Following the selection of the LDA classifier model as the primary machine learning model, normalised confusion matrices (Figure 8) were generated for each participant to visualise the certainty of the predictions. Qualitative observations of these matrices highlighted some interesting conclusions that could be drawn from the data.
There were multiple cases of minor labelling confusions between the ‘Wave Out’ and ‘Spread Fingers’ gestures. It is postulated that these minor confusions may be the result of common muscle groups being displaced in the posterior forearm (e.g., extensor digitorum and extensor carpi ulnaris). Furthermore, the ‘Wave Out’ gesture could understandably be perceived as a continuous form of ‘Spread Fingers’, i.e., there is no significant change in finger/arm movements between the two. If a participant is feeling fatigued or bored, their ‘Wave Out’ gesture may become slackened to look more like a ‘Spread Fingers’.

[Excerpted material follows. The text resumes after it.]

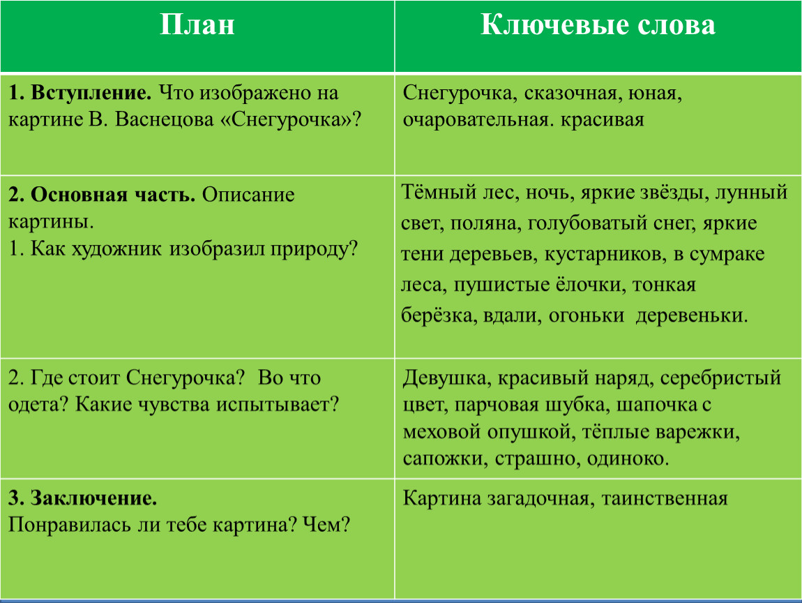 Текст описание картины план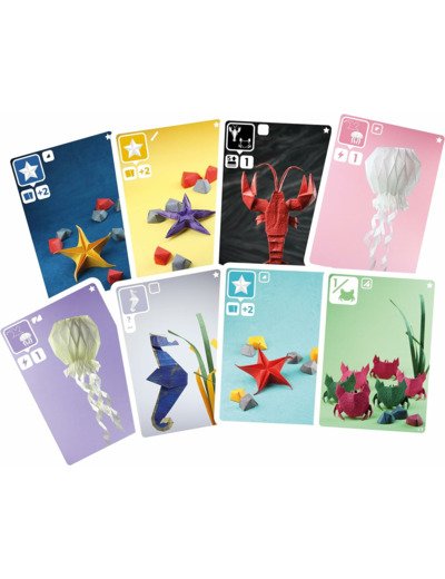 La méduse utilisée avec les nageurs immobilise vos adversaires. Le homard joué avec le crabe vous permet de prendre une carte parmi les cinq premières de la pioche. Le panier de crabes rapporte 1 point par crabe. L’étoile de mer jouée avec deux cartes duo rapporte 3 points, mais annule l’effet et des cartes. L’hippocampe remplace n’importe quelle carte collection manquante.

Another interesting feature to note is the difference in participant confusion matrices as a whole. Some participants had exceptionally high scores (97%+) across all gesture labels while those that had poor label predictions tended to over-predict a single gesture instead of an even distribution of incorrect labelling. It was noted that those with exceptional scores tended to have the armband pressed tighter against their forearm. This intuitively makes sense as pressure sensor chambers of the armband are able to be displaced with greater magnitude and be affected more by deep muscles. The tightness of the armband was not formally recorded as a quantitative or qualitative measure as part of the experimental procedure. The prototype armband used in this body of work had two circumference sizes (through the detachment of a non-sensing chamber, which does not include stretching). In an ideal scenario, the armband would be customised through 3D printing techniques to fit the individual’s forearm adequately [13].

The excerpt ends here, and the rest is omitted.